Children's Ideas for the Design of AAC Assistive Technologies for Young Children With Complex Communication NeedsBy Light, Janice; Page, Rebecca; Curran, Jennifer; Pitkin, Laura; Augmentative and Alternative Communication (AAC), Vol. 23, No. 4, pp. 274-287
Publication Date: December 2007
Study examined children’s preferences and priorities for the design of assistive technologies to enhance communication for children with complex communication needs. Six fourth-graders without disabilities, 3 boys and 3 girls 10 years of age, were divided into two teams, provided with drawing and craft materials and asked to develop prototypes of inventions to support the communication of a young boy who used a wheelchair, was unable to speak and had limited use of his hands. The design process and the inventions were analyzed using qualitative methods. Results showed that the children’s inventions differed significantly from the designs of current AAC technologies. The inventions integrated multiple functions, e.g. communication, social interaction, companionship, play, artistic expression, and telecommunication, and provided dynamic contexts to support social interactions with others, especially peers.

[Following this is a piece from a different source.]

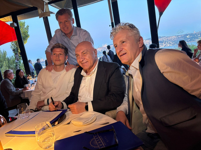 Kvöldverður og undirskrift í Istanbúl: Logi Tómasson með umboðsmanni sínum, Ólafi Garðarssyni, forseta Samsunspor og Davor Suker.

The children characterized the systems as companions and utilized innovative names (Mind O’Matic 2000; Curly Bob), bright colors, lights, transformable shapes, popular themes, humor, and amazing accomplishments, such as hitting a home run, to capture interest, enhance appeal, build self-esteem, and establish a positive social image. The systems were easily personalized to reflect the user’s age, personality, interests, and preferences. Implications for the design of AAC technologies and future research and development are discussed.